LZMA : 24,700,820 -> 9,329,925 =  3.021 bpb =  2.647 to 1
decode           : 0.838 seconds, 58.67 clocks, rate= 29.47 M/s

LZHAM : 24,700,820 ->10,140,761 =  3.284 bpb =  2.435 to 1
decode           : 0.264 seconds, 18.44 clocks, rate= 93.74 M/s

(note on settings : LZHAM is run at BETTER because UBER is too slow. LZHAM BETTER is comparable to Oodle's -z6 ; UBER is similar to my -z7. LZMA is run at the best compression setting I can find; -m9 and lc=0,lp=2,pb=2 for binary data; with LZHAM I don't see a way to set the context bits. This is the new LZHAM 1.0, slightly different than my previous tests of LZHAM. All 64-bit, big dictionaries.).


baby_robot_shell

LZNA -z6 : 58,788,904 ->12,933,907 =  1.760 bpb =  4.545 to 1
decode only      : 0.677 seconds, 50.22 b/kc, rate= 86.84 mb/s

LZMA : 58,788,904 ->13,525,659 =  1.840 bpb =  4.346 to 1
decode           : 1.384 seconds, 40.70 clocks, rate= 42.49 M/s

LZHAM : 58,788,904 ->15,594,877 =  2.122 bpb =  3.769 to 1
decode           : 0.582 seconds, 17.12 clocks, rate= 100.97 M/s

I'm not showing encode speeds because they're all running different amounts of threading. It would be complicated to show fairly. LZHAM is the most aggressively threaded, and also the slowest without threading.
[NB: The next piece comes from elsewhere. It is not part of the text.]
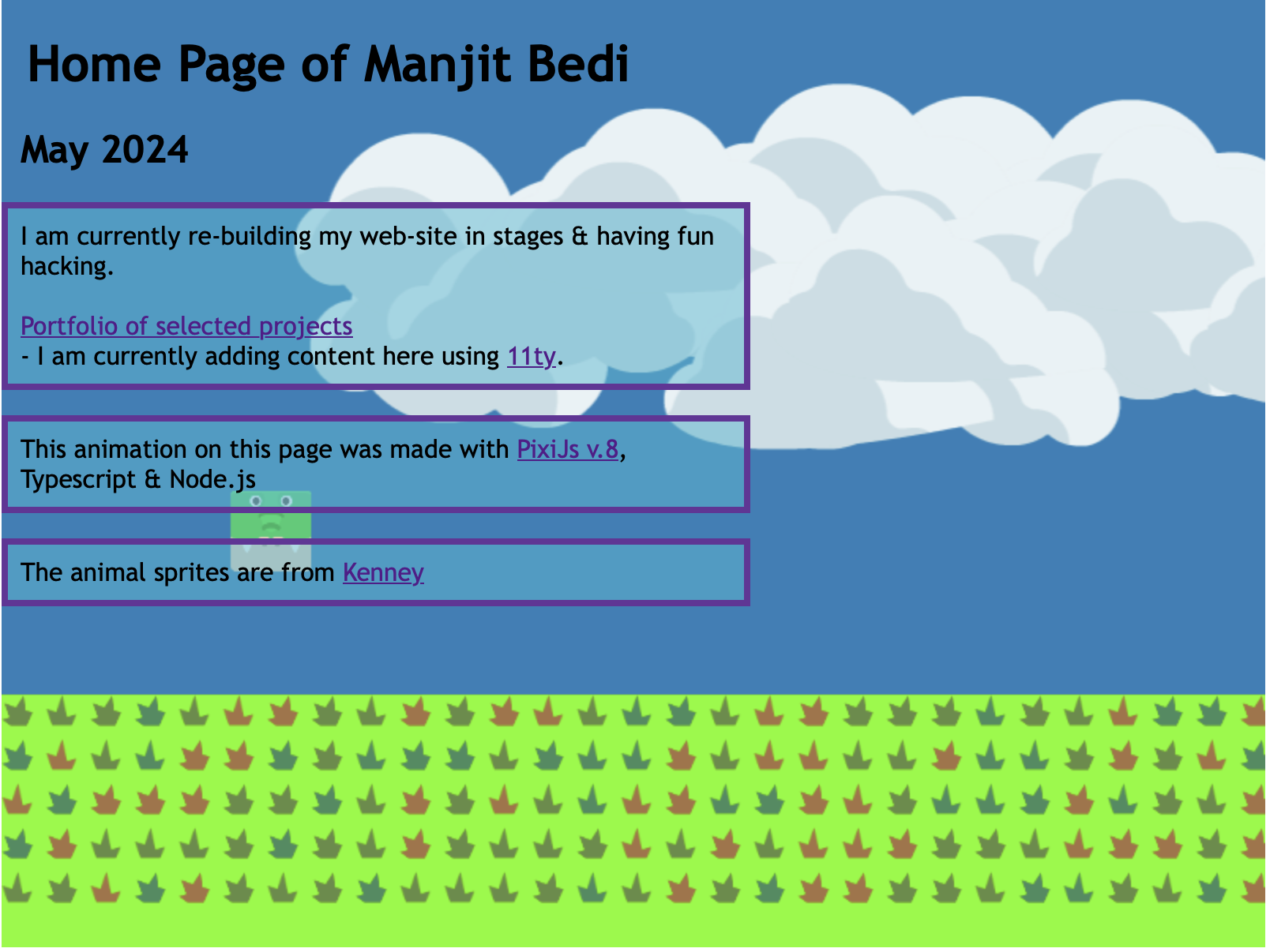 I have been hacking parts of my web-site. In May 2024, I started rebuilding the home page using PixiJS.

My "game testset" total sizes, from most compression to least :


Oodle LZNA -z8 :            57,176,229
Oodle LZNA -z5 :            58,318,469

LZMA -mx9 d26:lc0:lp2:pb3 : 58,884,562
LZMA -mx9 :                 59,987,629

LZHAM -mx9 :                62,621,098

Oodle LZHLW -z6 :           68,199,739

zip -9 :                    88,436,013

raw :                       167,495,105


Here's the new Pareto chart for Oodle. See previous post on these charts

This is load+decomp speedup relative to memcpy : (lzt99)

The left-side Y-intercept is the compression ratio. The right-side Y-intercept is the decompression speed. In between you can see the zones where each compressor is the best tradeoff.
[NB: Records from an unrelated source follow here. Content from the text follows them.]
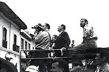 - Enrique Gutiérrez y Simón, productor ejecutivo de la película Chambú, rodando en 16 mm. en color, durante las fiestas de Blancos y Negros en Pasto. Detrás del él, Guillermo Edmundo Cháves, autor de la novela, y entre los dos se ve la cabeza de Alejandro Kerk, director de la película. Sentado, el actor Héctor Correa Leal.
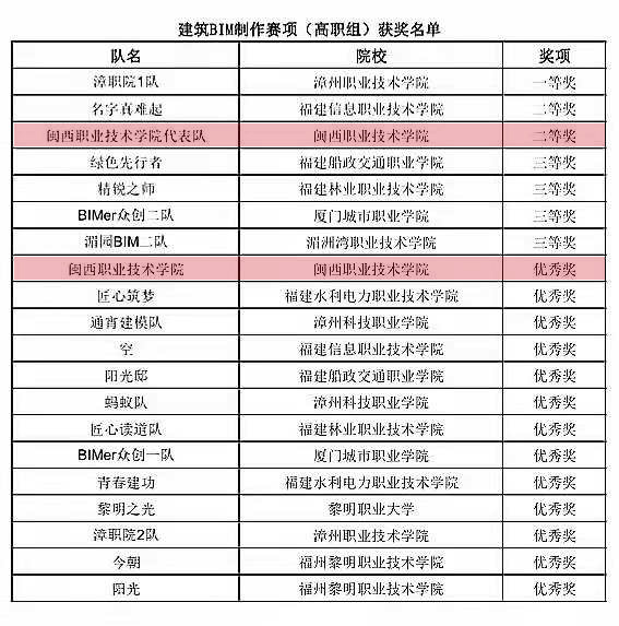 11月27日,第七届海峡两岸大学生职业技能竞赛闭幕,城乡建筑学院学生(指导老师:何煊强、王秋丽)在建筑BIM制作(高职组)赛项中分别以总分第三、第八名的成绩获得二等奖、优秀奖。
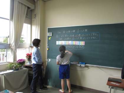 課題についてよく考え、答えを自分でしっかりと黒板に書き表しました。位が大きくなると「0」の数は多くなりますが、何の位かを確かめることで、解くことができました。すらすら解くことができると、とても楽しくなりますね。
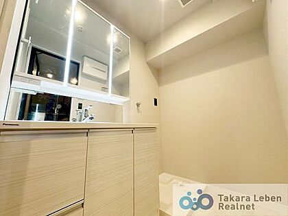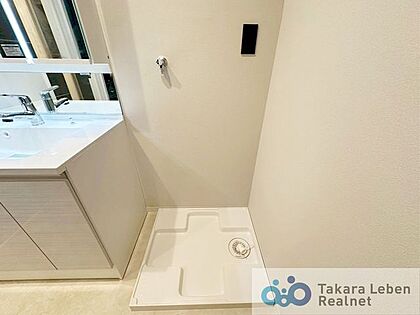洗面台の横には、防水パン付きの洗濯機置き場があり、家事動線に配慮した配置になっています。
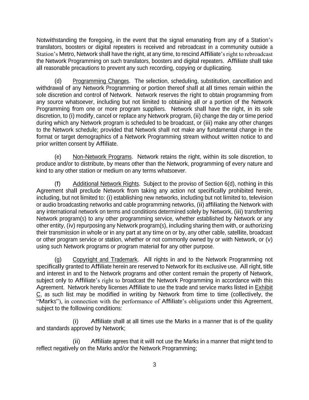 3 Notwithstanding the foregoing, in the event that the signal emanating from any of a Station’s translators, boosters or digital repeaters is received and rebroadcast in a community outside a Station’s Metro, Network shall have the right, at any time, to rescind Affiliate’s right to rebroadcast the Network Programming on such translators, boosters and digital repeaters. Affiliate shall take all reasonable precautions to prevent any such recording, copying or duplicating. (d) Programming Changes. The selection, scheduling, substitution, cancellation and withdrawal of any Network Programming or portion thereof shall at all times remain within the sole discretion and control of Network. Network reserves the right to obtain programming from any source whatsoever, including but not limited to obtaining all or a portion of the Network Programming from one or more program suppliers. Network shall have the right, in its sole discretion, to (i) modify, cancel or replace any Network program, (ii) change the day or time period during which any Network program is scheduled to be broadcast, or (iii) make any other changes to the Network schedule; provided that Network shall not make any fundamental change in the format or target demographics of a Network Programming stream without written notice to and prior written consent by Affiliate. (e) Non-Network Programs. Network retains the right, within its sole discretion, to produce and/or to distribute, by means other than the Network, programming of every nature and kind to any other station or medium on any terms whatsoever. (f) Additional Network Rights. Subject to the proviso of Section 6(d), nothing in this Agreement shall preclude Network from taking any action not specifically prohibited herein, including, but not limited to: (i) establishing new networks, including but not limited to, television or audio broadcasting networks and cable programming networks, (ii) affiliating the Network with any international network on terms and conditions determined solely by Network, (iii) transferring Network program(s) to any other programming service, whether established by Network or any other entity, (iv) repurposing any Network program(s), including sharing them with, or authorizing their transmission in whole or in any part at any time on or by, any other cable, satellite, broadcast or other program service or station, whether or not commonly owned by or with Network, or (v) using such Network programs or program material for any other purpose. (g) Copyright and Trademark. All rights in and to the Network Programming not specifically granted to Affiliate herein are reserved to Network for its exclusive use. All right, title and interest in and to the Network programs and other content remain the property of Network, subject only to Affiliate’s right to broadcast the Network Programming in accordance with this Agreement. Network hereby licenses Affiliate to use the trade and service marks listed in Exhibit C, as such list may be modified in writing by Network from time to time (collectively, the “Marks”), in connection with the performance of Affiliate’s obligations under this Agreement, subject to the following conditions: (i) Affiliate shall at all times use the Marks in a manner that is of the quality and standards approved by Network; (ii) Affiliate agrees that it will not use the Marks in a manner that might tend to reflect negatively on the Marks and/or the Network Programming;
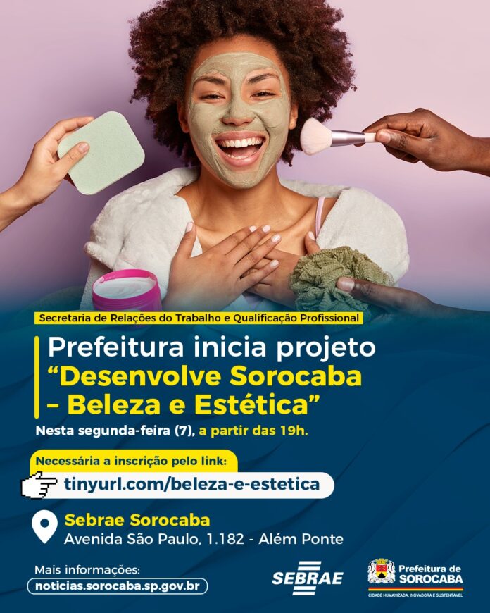 A Prefeitura de Sorocaba, por meio da Secretaria de Relações do Trabalho e Qualificação Profissional (Sert), em parceria com o Sebrae Sorocaba, darão início, nesta segunda-feira (7), ao projeto “Desenvolve Sorocaba – Beleza e Estética”. A ação acontecerá na sede do Sebrae Sorocaba, a partir das 19h.
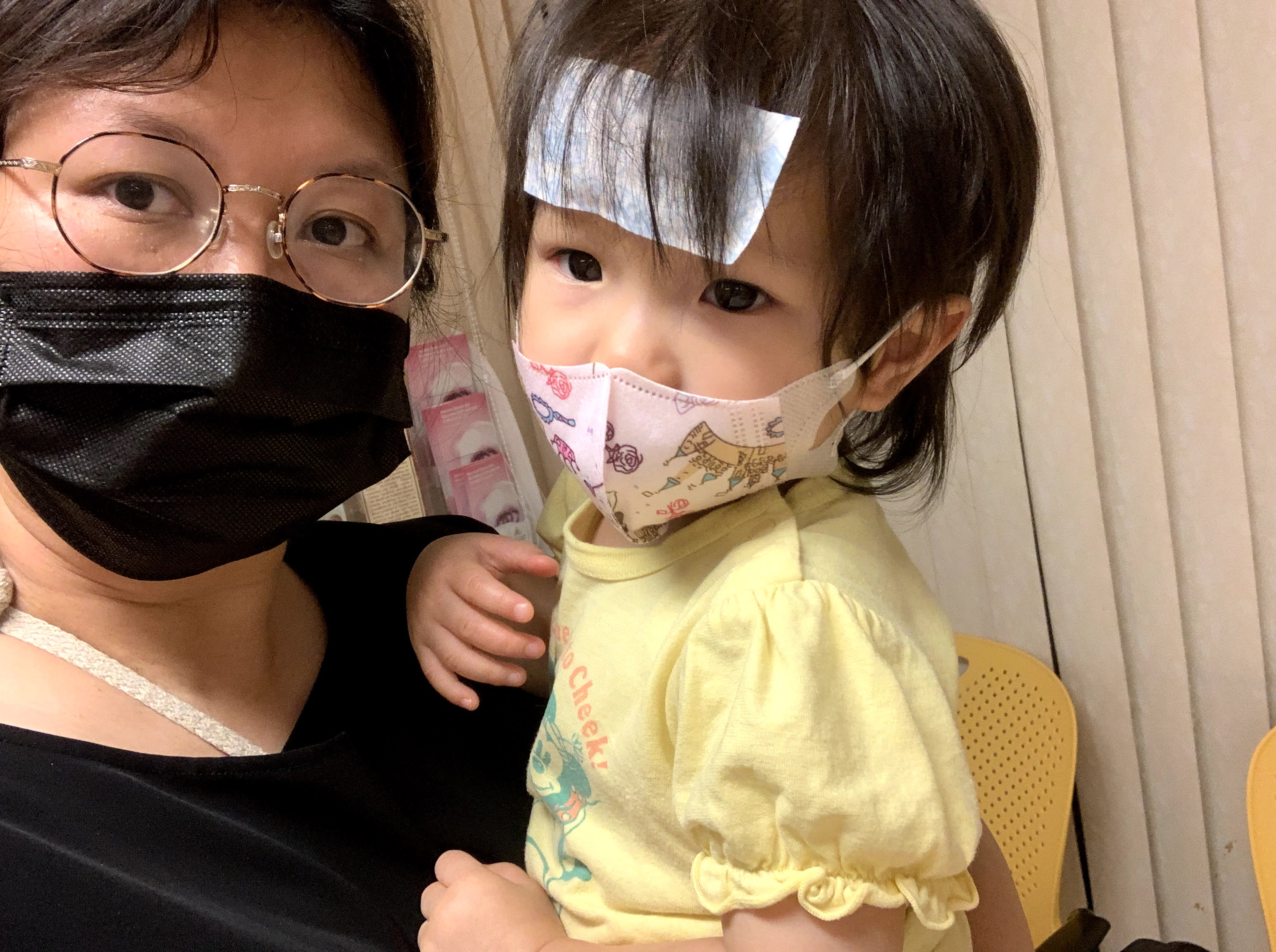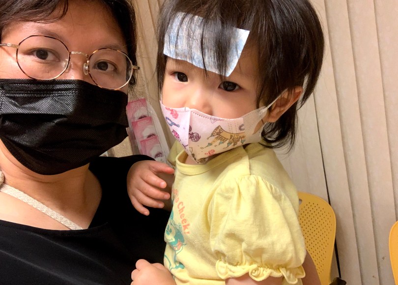 到達後,登記(啦啦已有身份證,但是由於第一次登記,醫院也要看出世紙的 soft copy),量體溫,體重(啦啦是 10.3 kg 了),幸好她暫時也乖,醫院的人也讚她乖,也幫忙弄濕我帶來的毛巾讓我可幫 baby 抹抹身手腳降溫一下。

With LZMA and LZHAM : (changed colors)

lzt99 is bad for LZHAM, perhaps because it's heterogeneous and LZHAM assumes pretty stable data. (LZHAM usually beats LZHLW for compression ratio). Here's a different example :

load+decomp speedup relative to memcpy : (baby_robot_shell)

3/25/2015

03-25-15 - My Chameleon

I did my own implementation of the Chameleon compression algorithm. (the original distribution is via the density project)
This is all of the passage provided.